▶ _THE TASK_: This exercise calls for retyping every line below exactly, with the images omitted.

== RECORDED INFORMATION ==

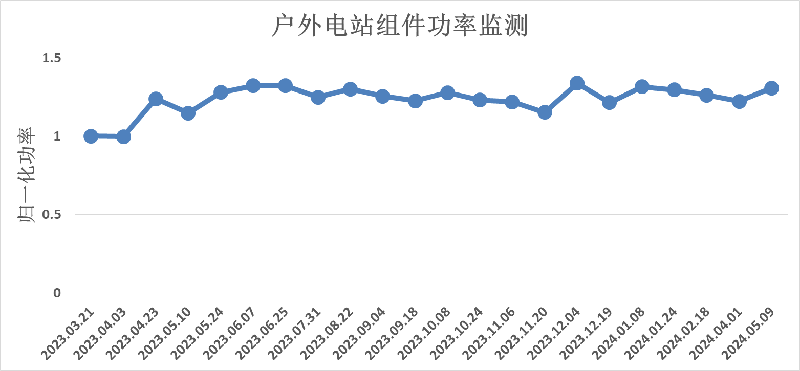 户外实证是对光伏产品进行稳定性与可靠性检验的最直接手段。极电光能去年3月搭建了钙钛矿户外实证电站,目前已运行了13个月。运行期间对组件功率进行定期测试,结果显示,组件功率没有衰减,反而略有提升。
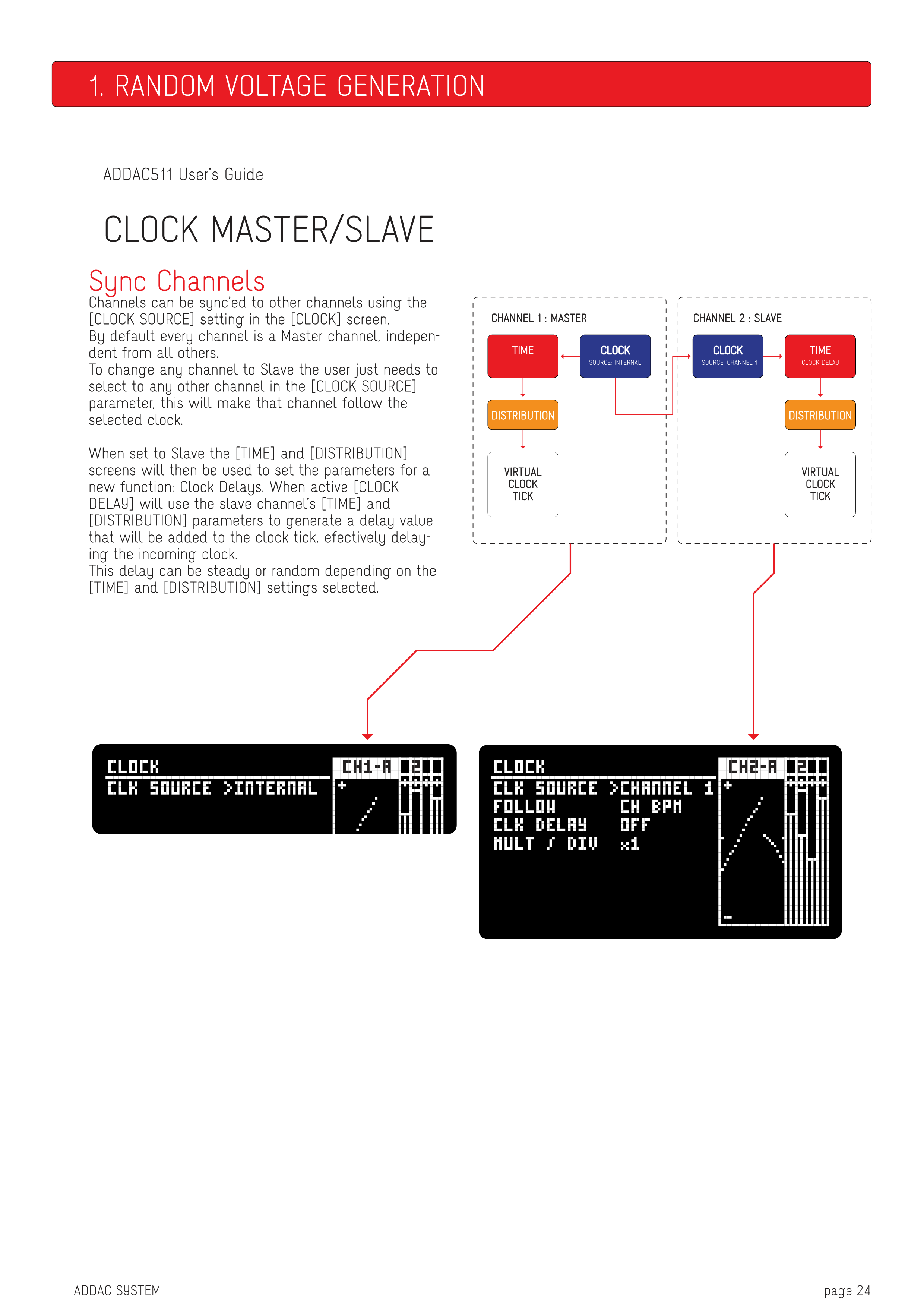 Slaveに設定すると、[TIME]と[DISTRIBUTION]画面は新しい機能であるClock Delaysのパラメーター設定に使用されます。[CLOCK DELAY]がアクティブになると、Slaveチャンネルの[TIME]と[DISTRIBUTION]パラメーターを使用して遅延値を生成し、クロックティックに加算されることで、受信クロックを効果的に遅延させます。
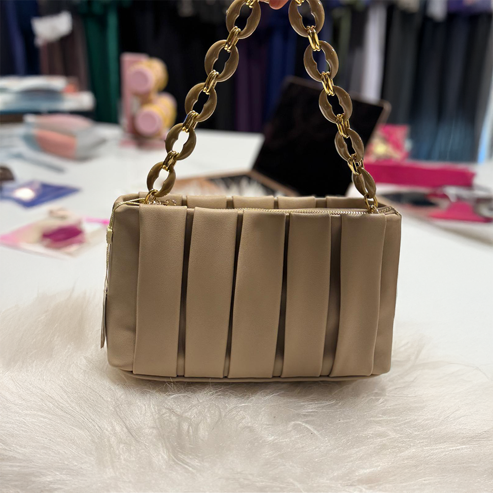 Şık vizon rengi ve zarif zincir detaylarıyla her türlü kombini tamamlayan elegan bir el çantası.
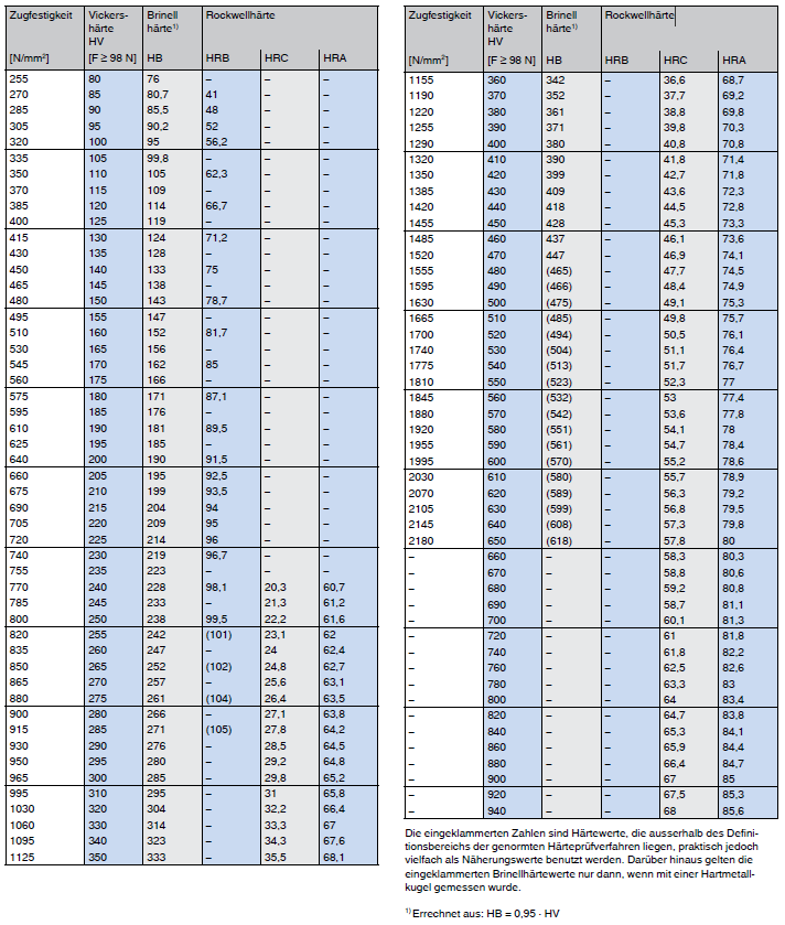 Die Umwertungstabelle für Härte in Härte sowie Härte in Zugfestigkeit für unlegierte und niedriglegierte Stähle und Stahlguss nach ISO 18265.
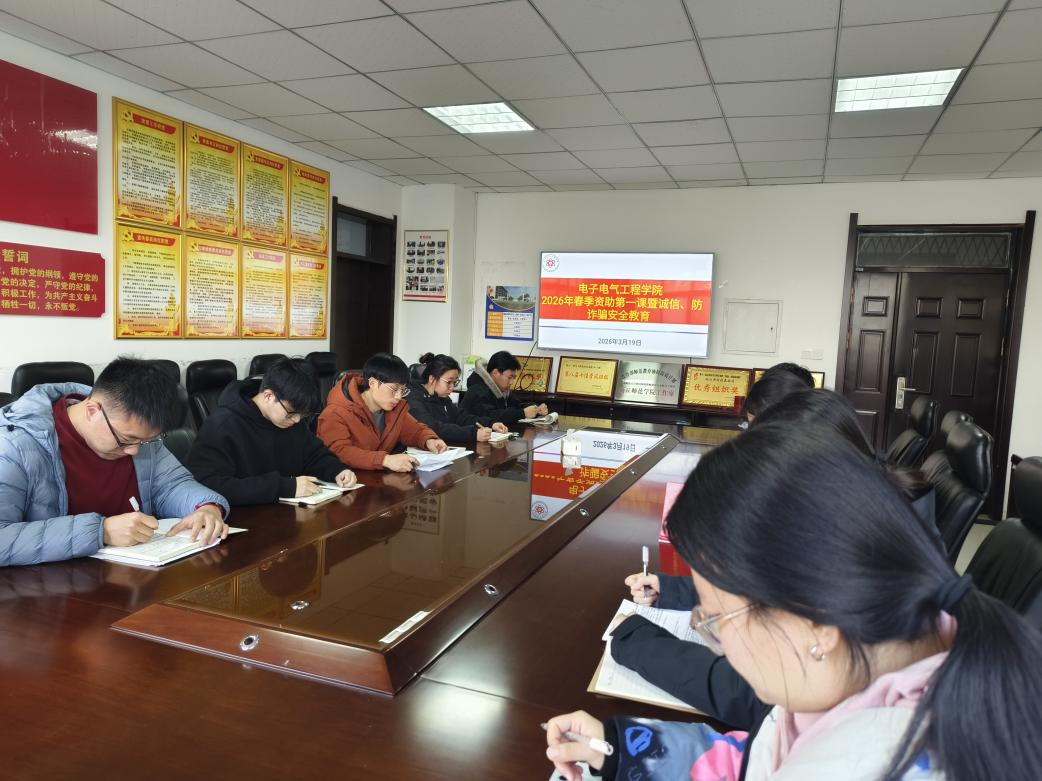3月19日,我院在睢阳校区物电楼206会议室召开2026年春季资助第一课暨诚信、防诈骗安全教育,切实落实国家学生资助政策,强化学生诚信意识,筑牢校园防诈骗安全防线。活动由学院资助专员王兴主持,2024级和2025级生活委员参会。

===

▶ _RESPONSE TO THIS EXERCISE_:
 户外实证是对光伏产品进行稳定性与可靠性检验的最直接手段。极电光能去年3月搭建了钙钛矿户外实证电站,目前已运行了13个月。运行期间对组件功率进行定期测试,结果显示,组件功率没有衰减,反而略有提升。
 Slaveに設定すると、[TIME]と[DISTRIBUTION]画面は新しい機能であるClock Delaysのパラメーター設定に使用されます。[CLOCK DELAY]がアクティブになると、Slaveチャンネルの[TIME]と[DISTRIBUTION]パラメーターを使用して遅延値を生成し、クロックティックに加算されることで、受信クロックを効果的に遅延させます。
 Şık vizon rengi ve zarif zincir detaylarıyla her türlü kombini tamamlayan elegan bir el çantası.
 Die Umwertungstabelle für Härte in Härte sowie Härte in Zugfestigkeit für unlegierte und niedriglegierte Stähle und Stahlguss nach ISO 18265.
3月19日,我院在睢阳校区物电楼206会议室召开2026年春季资助第一课暨诚信、防诈骗安全教育,切实落实国家学生资助政策,强化学生诚信意识,筑牢校园防诈骗安全防线。活动由学院资助专员王兴主持,2024级和2025级生活委员参会。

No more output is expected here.